# WHAT THIS TASK INVOLVES:
Could you retype the material, starting at its first line and ending with the line holding "Руководитель по военно-патриотическому", and keep the pictures out?

# INFORMATION SHOWN:
• • • • •

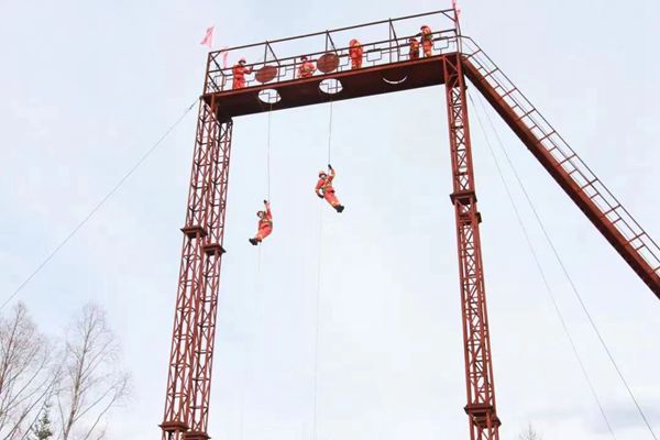 訓(xùn)練過程中,中隊(duì)長馬振濤對(duì)高空索滑需要注意的事項(xiàng)和方法方式進(jìn)行了詳細(xì)講解,并將在訓(xùn)練過程中容易出現(xiàn)的錯(cuò)誤動(dòng)作,結(jié)合實(shí)際訓(xùn)練做了現(xiàn)場演示。指導(dǎo)參訓(xùn)人員克服恐懼心理,嚴(yán)格按照理論輔導(dǎo)、教學(xué)大綱、索滑降訓(xùn)練的步驟進(jìn)行科學(xué)訓(xùn)練。堅(jiān)持由簡到繁、由易到難、循序漸進(jìn)的原則,對(duì)安全背帶穿戴、索控器具裝卸繩、不同高度滑降、遇到突發(fā)問題快速處理等內(nèi)容進(jìn)行了系統(tǒng)訓(xùn)練。一次次繩結(jié)、一次次索滑降、一次次健步如飛……千錘百煉中隊(duì)員們逐步熟練了滑降的操作流程,克服了恐懼心理,取得了明顯成效。
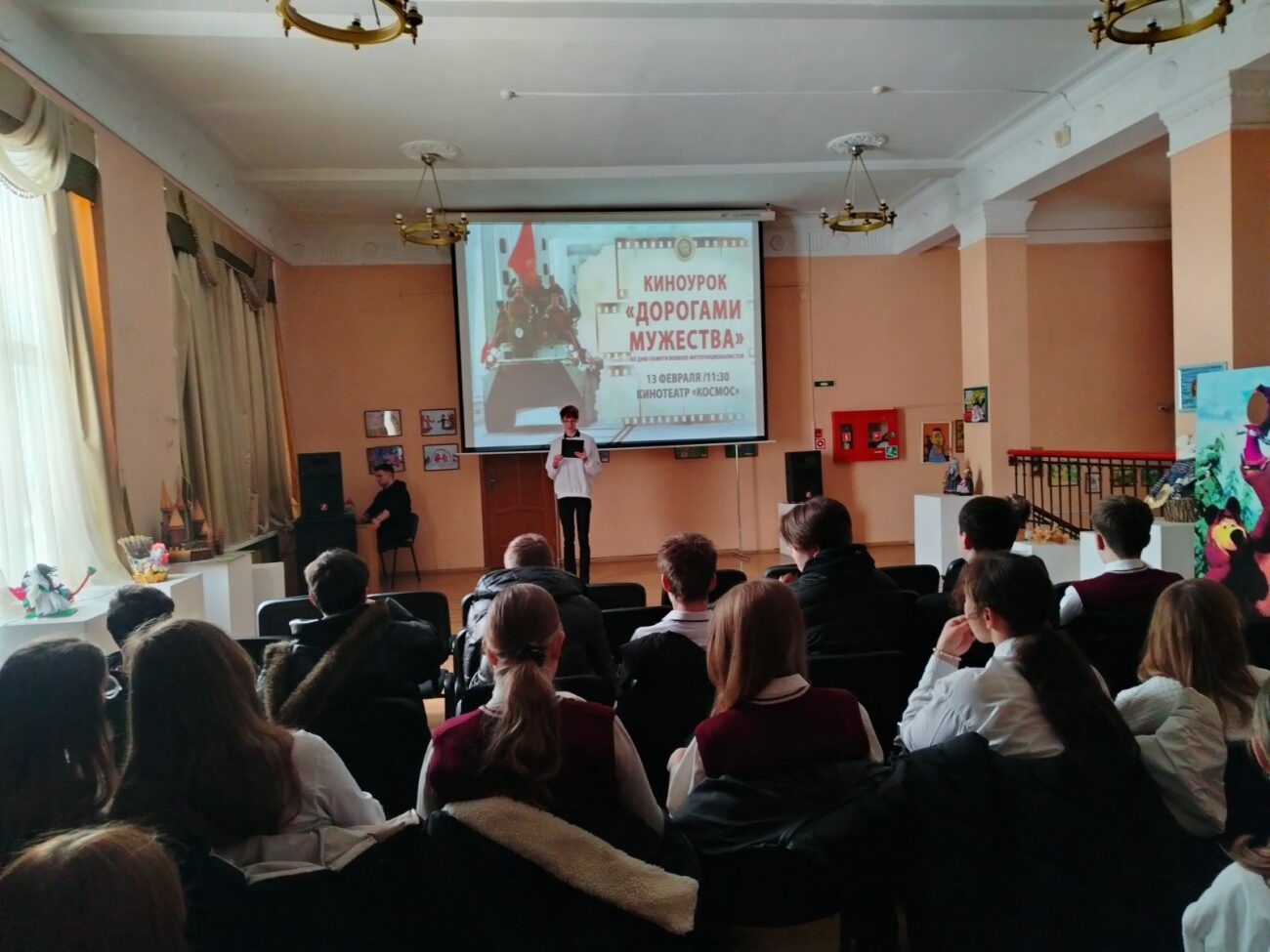 Руководитель по военно-патриотическому воспитанию Ковалева А.Ф. предложила восьмиклассникам посетить киноурок «Дорогами мужества» с просмотром и обсуждением фильма «Афганистан. Я помню» в кинотеатре «Космос».
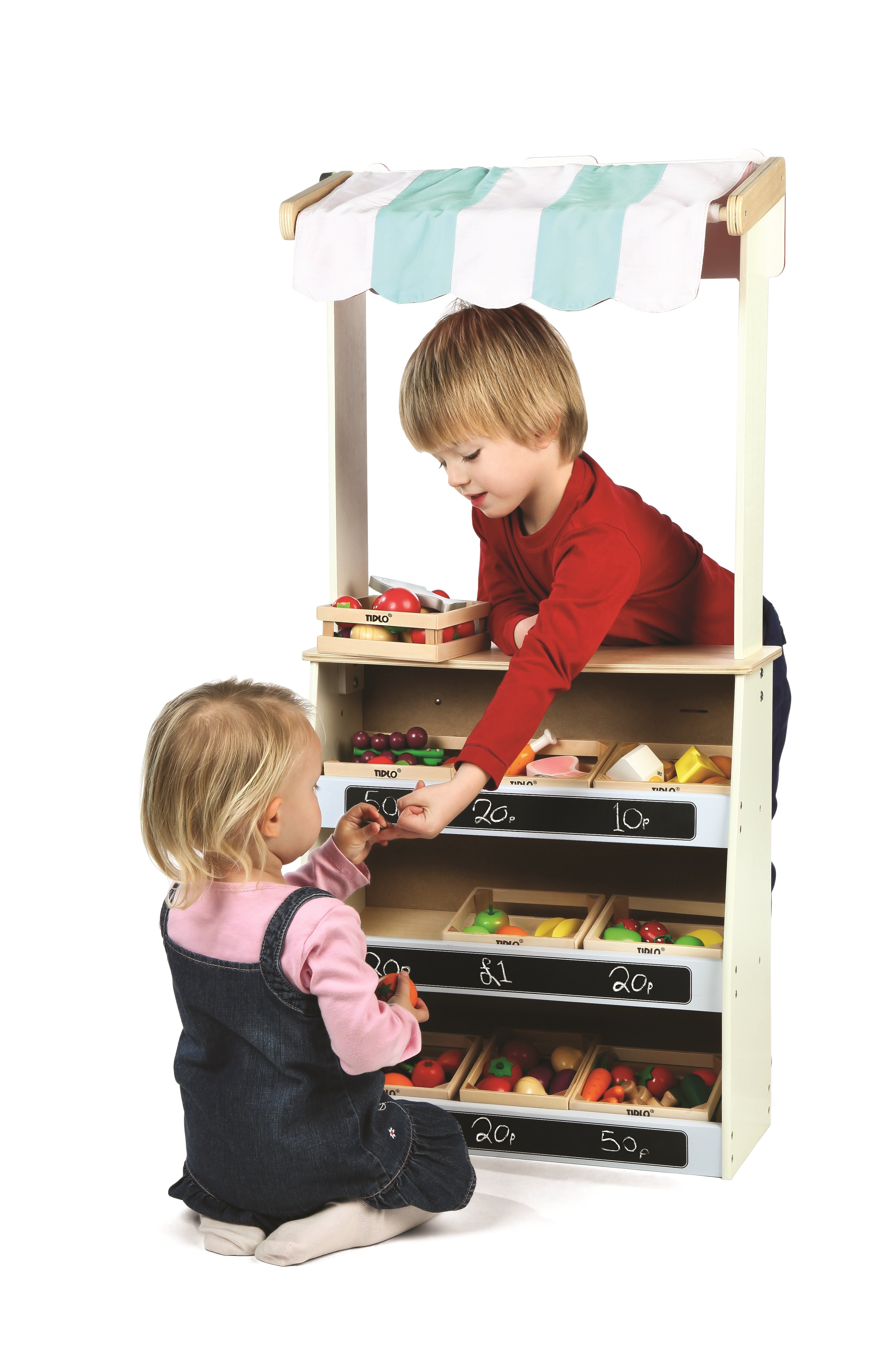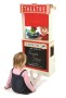 Multifunkční hrací stoleček se stříškou, závěsem, policemi a tabulkami na křídy. Součástí je i malá popisovací tabulka. Bedýnky s potravinami součásti nejsou, lze je dokoupit. Z jedné strany lze stoleček využít jako obchůdek s policemi na uložení potravin - ceny lze pohodlně napsat křídou k naskládanému zboží díky praktickým plochám na popis. Z druhé strany lze stoleček využít jako divadlo. Závěsy se upraví podle potřeby a tabulka umožní zapsat program nebo namalovat plakát. V představivosti se meze nekladou. Vyrobeno z kvalitního dřeva se stabilní konstrukcí. Hlavní vlastnosti: multifunkčnost (hra 2v1)stabilní konstrukce
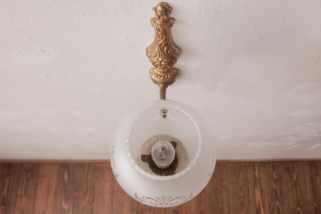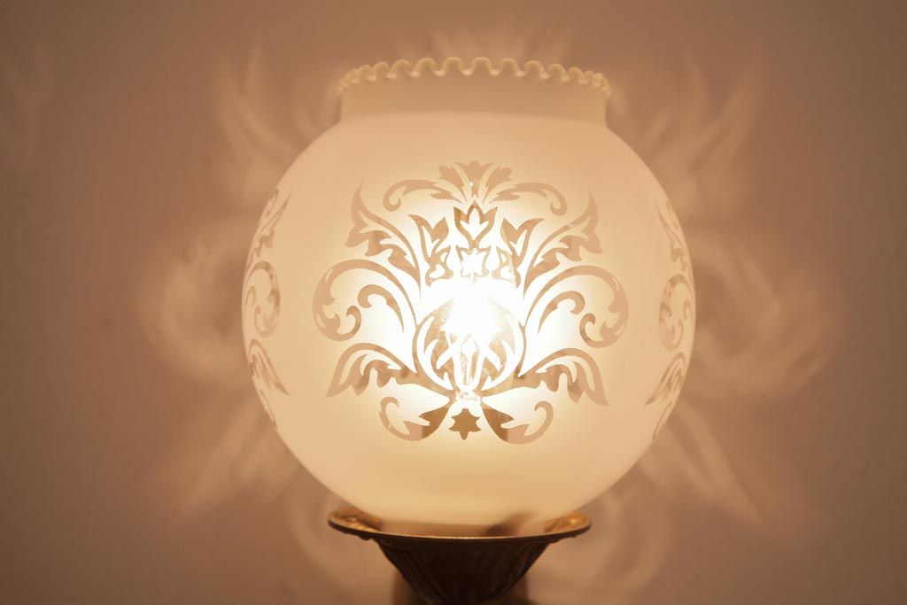 ロカイユ装飾の真鍮フレームやシェードの透かしが

• • • • •

# ANSWER TO THE EXERCISE:
 訓(xùn)練過程中,中隊(duì)長馬振濤對(duì)高空索滑需要注意的事項(xiàng)和方法方式進(jìn)行了詳細(xì)講解,并將在訓(xùn)練過程中容易出現(xiàn)的錯(cuò)誤動(dòng)作,結(jié)合實(shí)際訓(xùn)練做了現(xiàn)場演示。指導(dǎo)參訓(xùn)人員克服恐懼心理,嚴(yán)格按照理論輔導(dǎo)、教學(xué)大綱、索滑降訓(xùn)練的步驟進(jìn)行科學(xué)訓(xùn)練。堅(jiān)持由簡到繁、由易到難、循序漸進(jìn)的原則,對(duì)安全背帶穿戴、索控器具裝卸繩、不同高度滑降、遇到突發(fā)問題快速處理等內(nèi)容進(jìn)行了系統(tǒng)訓(xùn)練。一次次繩結(jié)、一次次索滑降、一次次健步如飛……千錘百煉中隊(duì)員們逐步熟練了滑降的操作流程,克服了恐懼心理,取得了明顯成效。
 Руководитель по военно-патриотическому воспитанию Ковалева А.Ф. предложила восьмиклассникам посетить киноурок «Дорогами мужества» с просмотром и обсуждением фильма «Афганистан. Я помню» в кинотеатре «Космос».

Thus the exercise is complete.